▶ **DATASET CONTENT**
****

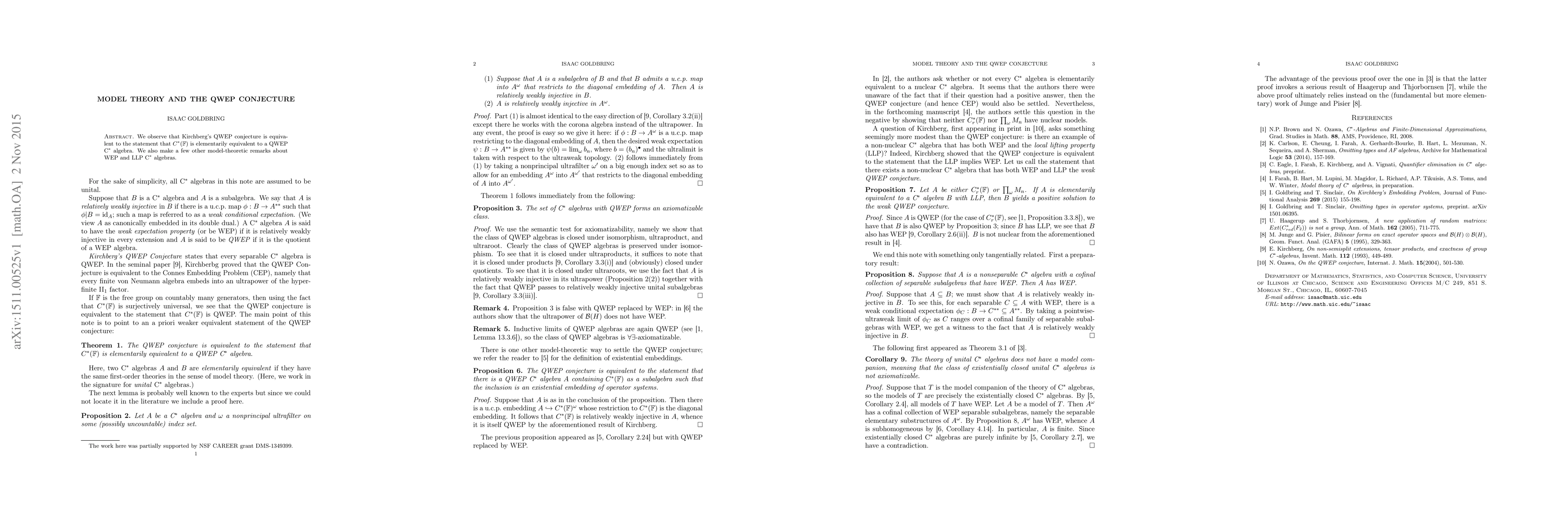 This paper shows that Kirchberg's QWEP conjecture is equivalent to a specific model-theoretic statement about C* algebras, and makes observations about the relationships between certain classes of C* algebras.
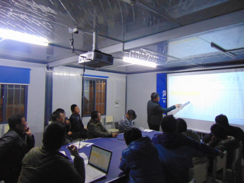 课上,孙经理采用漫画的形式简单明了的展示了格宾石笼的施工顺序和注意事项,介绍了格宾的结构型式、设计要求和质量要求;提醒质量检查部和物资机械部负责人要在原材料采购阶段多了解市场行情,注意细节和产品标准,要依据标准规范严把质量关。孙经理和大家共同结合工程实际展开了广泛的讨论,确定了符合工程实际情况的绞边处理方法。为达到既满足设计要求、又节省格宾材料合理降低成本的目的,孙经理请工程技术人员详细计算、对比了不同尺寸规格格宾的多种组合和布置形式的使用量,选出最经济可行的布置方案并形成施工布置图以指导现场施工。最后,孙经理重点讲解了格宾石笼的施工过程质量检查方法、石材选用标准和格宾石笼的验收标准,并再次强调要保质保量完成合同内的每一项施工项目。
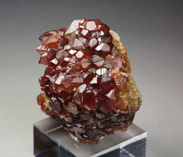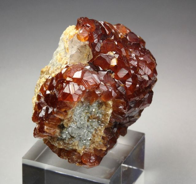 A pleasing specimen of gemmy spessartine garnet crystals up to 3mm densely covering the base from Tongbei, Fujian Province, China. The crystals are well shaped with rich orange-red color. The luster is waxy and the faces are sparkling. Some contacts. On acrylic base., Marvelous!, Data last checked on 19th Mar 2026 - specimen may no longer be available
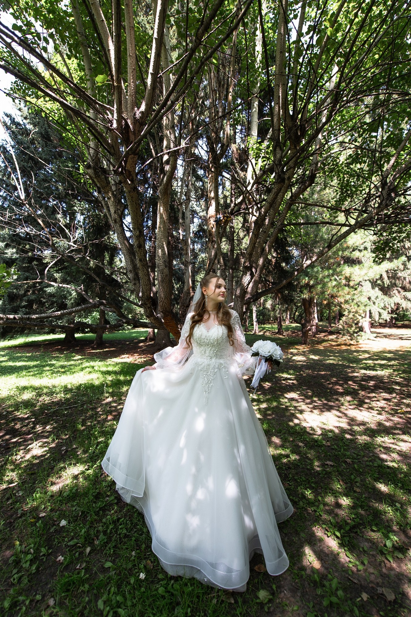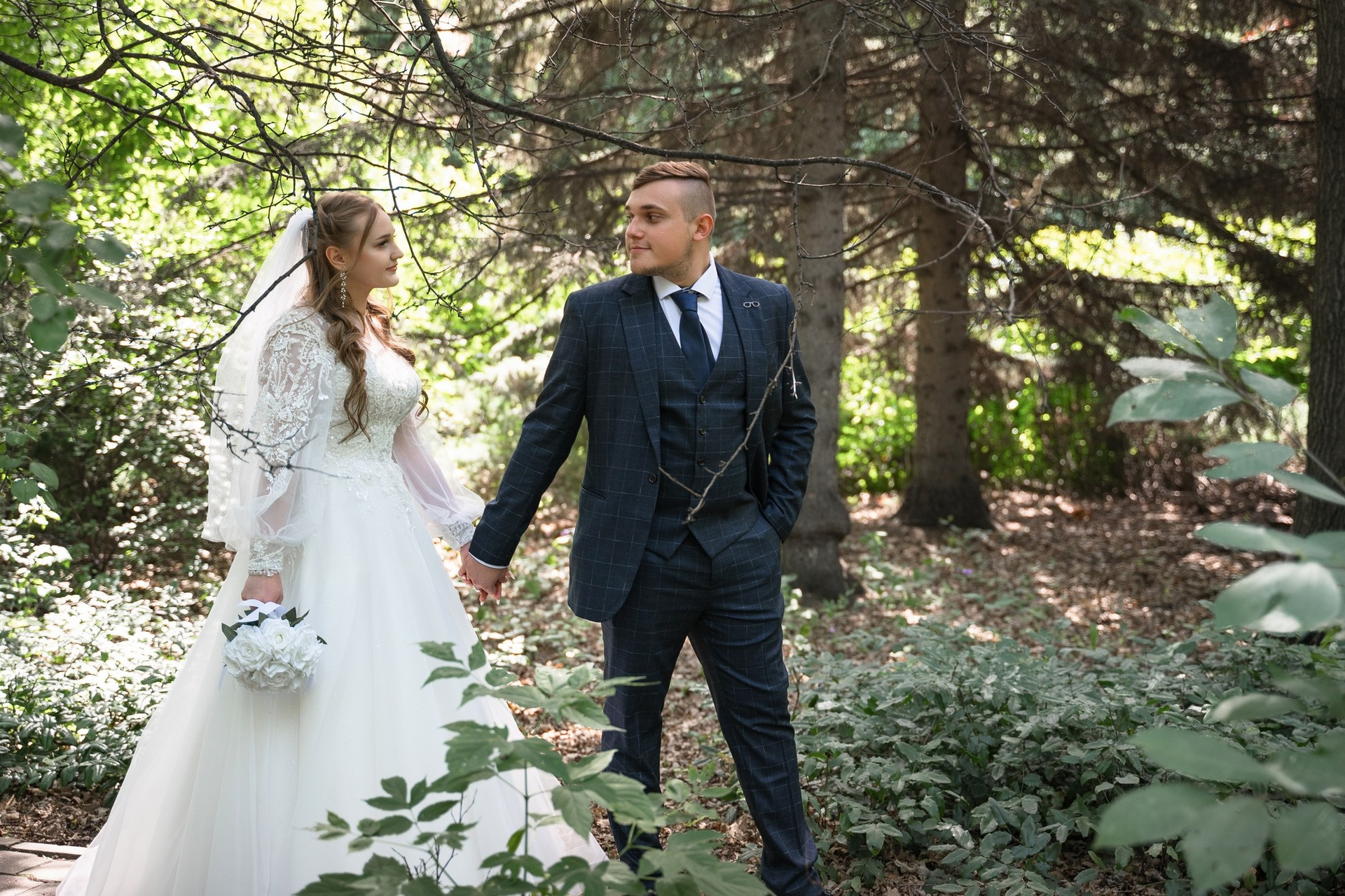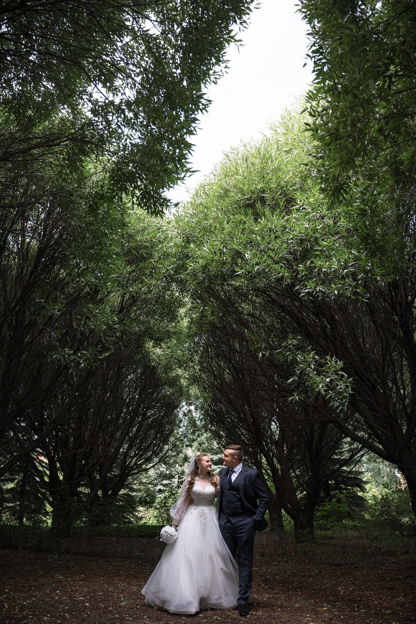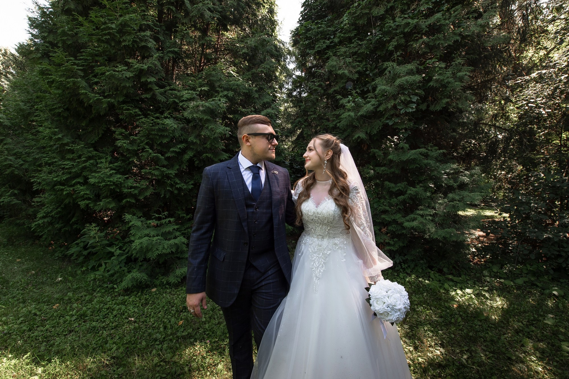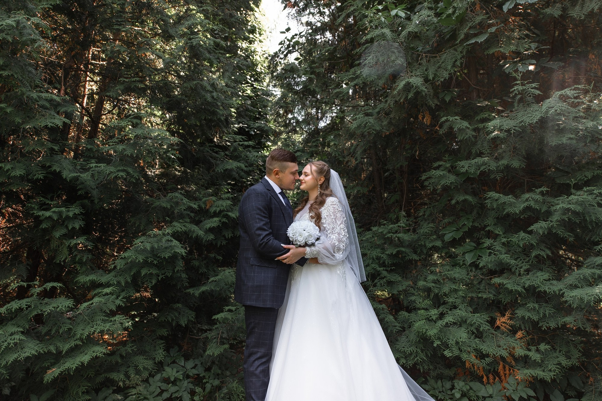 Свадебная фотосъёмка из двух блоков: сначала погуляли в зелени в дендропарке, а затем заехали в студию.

****

▶ **AIM OF THE EXERCISE**
The answer must be the full listing, exact in every line, with the pictures removed.

▶ **REPLY**
 This paper shows that Kirchberg's QWEP conjecture is equivalent to a specific model-theoretic statement about C* algebras, and makes observations about the relationships between certain classes of C* algebras.
 课上,孙经理采用漫画的形式简单明了的展示了格宾石笼的施工顺序和注意事项,介绍了格宾的结构型式、设计要求和质量要求;提醒质量检查部和物资机械部负责人要在原材料采购阶段多了解市场行情,注意细节和产品标准,要依据标准规范严把质量关。孙经理和大家共同结合工程实际展开了广泛的讨论,确定了符合工程实际情况的绞边处理方法。为达到既满足设计要求、又节省格宾材料合理降低成本的目的,孙经理请工程技术人员详细计算、对比了不同尺寸规格格宾的多种组合和布置形式的使用量,选出最经济可行的布置方案并形成施工布置图以指导现场施工。最后,孙经理重点讲解了格宾石笼的施工过程质量检查方法、石材选用标准和格宾石笼的验收标准,并再次强调要保质保量完成合同内的每一项施工项目。
 A pleasing specimen of gemmy spessartine garnet crystals up to 3mm densely covering the base from Tongbei, Fujian Province, China. The crystals are well shaped with rich orange-red color. The luster is waxy and the faces are sparkling. Some contacts. On acrylic base., Marvelous!, Data last checked on 19th Mar 2026 - specimen may no longer be available
 Свадебная фотосъёмка из двух блоков: сначала погуляли в зелени в дендропарке, а затем заехали в студию.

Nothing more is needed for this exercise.